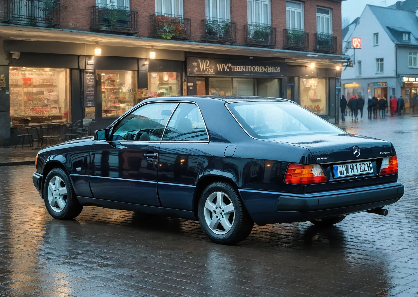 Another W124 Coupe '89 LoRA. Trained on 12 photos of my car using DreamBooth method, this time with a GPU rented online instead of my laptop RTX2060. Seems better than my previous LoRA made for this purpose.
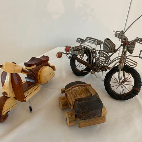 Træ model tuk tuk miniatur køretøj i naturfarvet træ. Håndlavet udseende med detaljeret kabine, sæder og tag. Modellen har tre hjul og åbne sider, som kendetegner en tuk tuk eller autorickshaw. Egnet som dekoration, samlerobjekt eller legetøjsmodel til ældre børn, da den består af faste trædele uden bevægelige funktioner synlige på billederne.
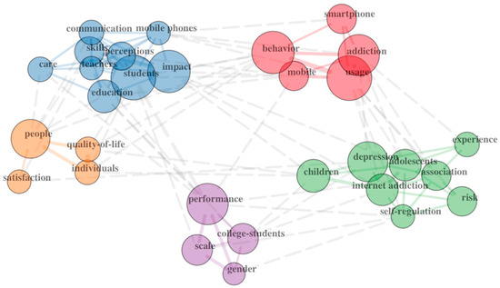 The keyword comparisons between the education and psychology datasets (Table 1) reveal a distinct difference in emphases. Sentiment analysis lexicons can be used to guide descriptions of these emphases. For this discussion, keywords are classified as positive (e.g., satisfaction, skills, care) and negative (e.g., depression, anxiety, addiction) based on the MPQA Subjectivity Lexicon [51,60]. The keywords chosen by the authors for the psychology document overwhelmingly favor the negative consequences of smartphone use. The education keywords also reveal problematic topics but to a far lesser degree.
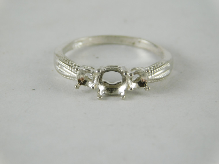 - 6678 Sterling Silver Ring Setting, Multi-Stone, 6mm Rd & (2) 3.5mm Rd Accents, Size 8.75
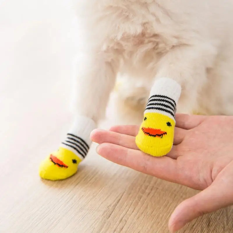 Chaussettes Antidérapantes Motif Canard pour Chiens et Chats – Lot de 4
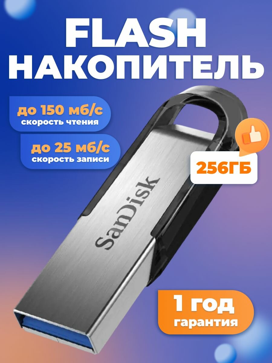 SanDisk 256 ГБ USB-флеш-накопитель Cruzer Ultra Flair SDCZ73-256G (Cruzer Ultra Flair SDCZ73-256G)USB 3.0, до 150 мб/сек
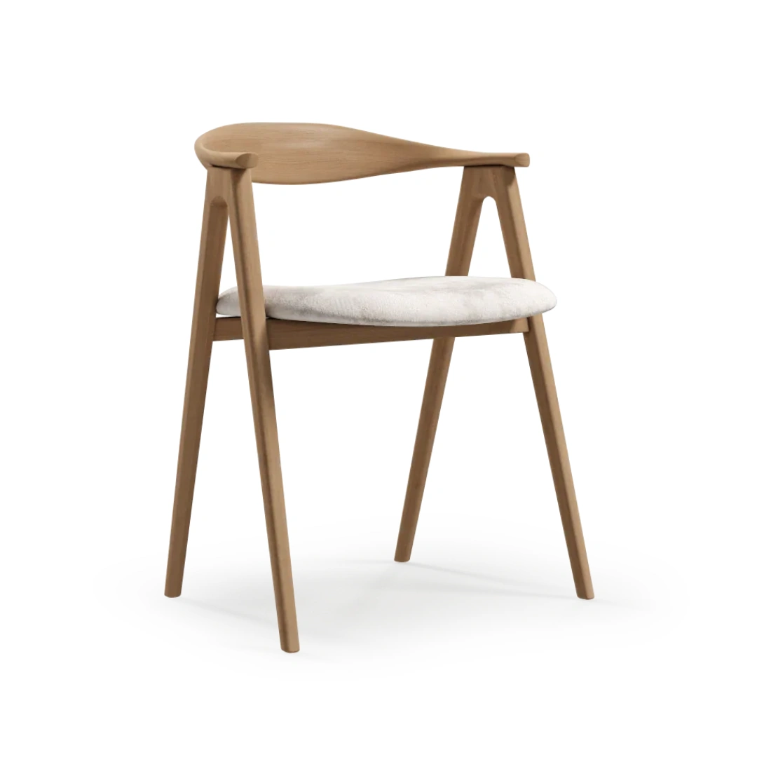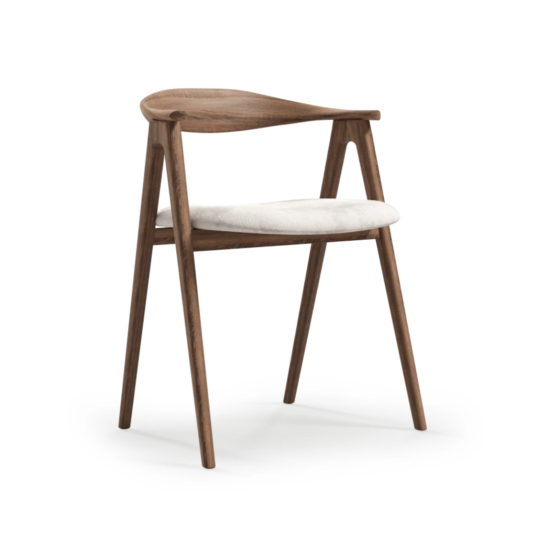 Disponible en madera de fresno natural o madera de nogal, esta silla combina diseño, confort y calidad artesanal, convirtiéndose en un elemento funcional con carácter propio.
____________
**About this task**
Before answering, find the line with "- 6678 Sterling" in the records above; then reproduce exactly each line from the first through that line, leaving out pictures.

**Solution**
 Another W124 Coupe '89 LoRA. Trained on 12 photos of my car using DreamBooth method, this time with a GPU rented online instead of my laptop RTX2060. Seems better than my previous LoRA made for this purpose.
 Træ model tuk tuk miniatur køretøj i naturfarvet træ. Håndlavet udseende med detaljeret kabine, sæder og tag. Modellen har tre hjul og åbne sider, som kendetegner en tuk tuk eller autorickshaw. Egnet som dekoration, samlerobjekt eller legetøjsmodel til ældre børn, da den består af faste trædele uden bevægelige funktioner synlige på billederne.
 The keyword comparisons between the education and psychology datasets (Table 1) reveal a distinct difference in emphases. Sentiment analysis lexicons can be used to guide descriptions of these emphases. For this discussion, keywords are classified as positive (e.g., satisfaction, skills, care) and negative (e.g., depression, anxiety, addiction) based on the MPQA Subjectivity Lexicon [51,60]. The keywords chosen by the authors for the psychology document overwhelmingly favor the negative consequences of smartphone use. The education keywords also reveal problematic topics but to a far lesser degree.
 - 6678 Sterling Silver Ring Setting, Multi-Stone, 6mm Rd & (2) 3.5mm Rd Accents, Size 8.75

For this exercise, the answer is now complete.